# Known issues with PK5001z from CenturyLink



## pauseleplague (Dec 20, 2012)

Greets,

The Zyxel PK5001z has a few known bugs that CenturyLink has a few work arounds for until a firmware update is released. I will post updates as it becomes available.

*Wireless Issues*

1. _Auto Detect Channel_: Specific issue seems to affect Apple Products, but may affect other devices as well. While using the Auto Detect channel (Channel 1) Some devices may connect and others do not. This can be fixed by changing the wireless channel on the modem to another channel.

2. _Windows XP_: On some OEM configurations of Windows XP, while connecting using WPA security code may cause the computer to show the BSOD screen and cause the computer to crash, requiring a hard restart of the computer. The fix is to instead use WEP security or none at all.

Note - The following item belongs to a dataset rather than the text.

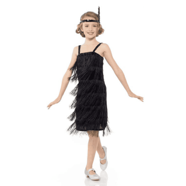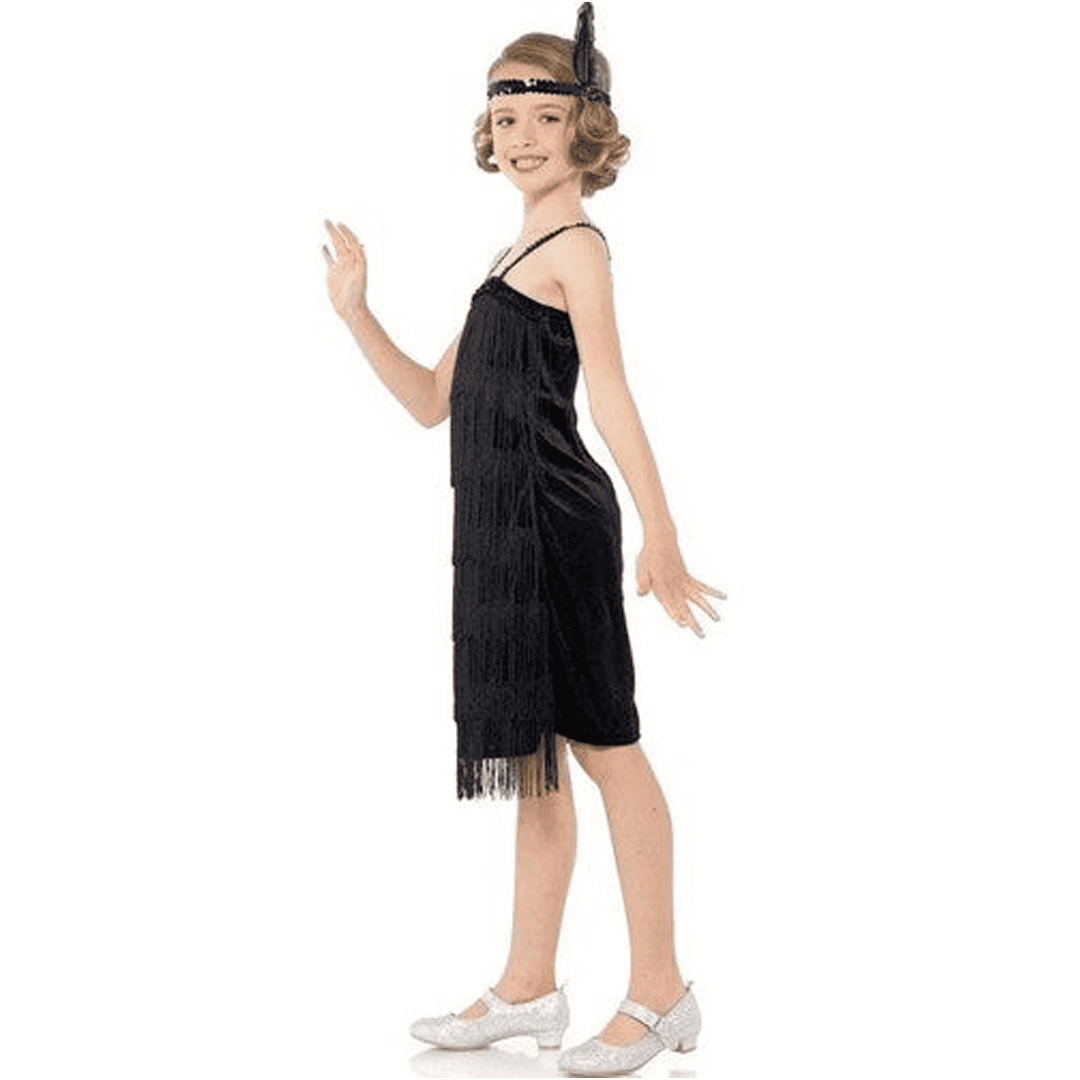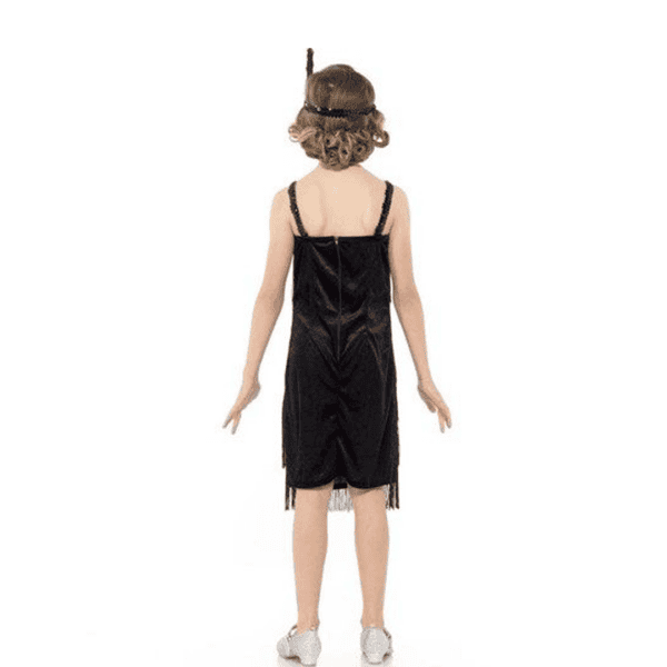 Disfraz de bailarina flapper negra de los años 20 para niña tallas S (3 a 4 años)

*Random disconnects of applications

*This seems to be iffy at the moment, but users who are commonly Work-at-home agents who employ the use of company Intranet tools and applications such as Citrix may for no reason, loose connectivity at random intervals. *Users DO NOT lose DSL light or Internet Light on modem.*

*NOTE: *If you are completely loosing your DSL (off or RED) and/or Internet Light (off or RED), this is because of a line issue or you are not set up correctly. The ISP will assist you if you call them and proceed to Troubleshoot as normal to correct your line issue.


----------



## pauseleplague (Dec 20, 2012)

_*A firmware update has been released to correct most issues.*_

1. Login to modem by typing 192.168.0.1 in your browser.

2. Select Utilities.

3. Select Firmware Upgrade.

4. Select download and save the new update file to your computer.

5. Click Browse and select the file in the directory where you downloaded it to.

6. Click Update Firmware at the bottom.

*NOTE:* Under no circumstances do you turn off your modem while it is updating. Otherwise you will brick your modem. The download will finish on its own and then restart itself.


----------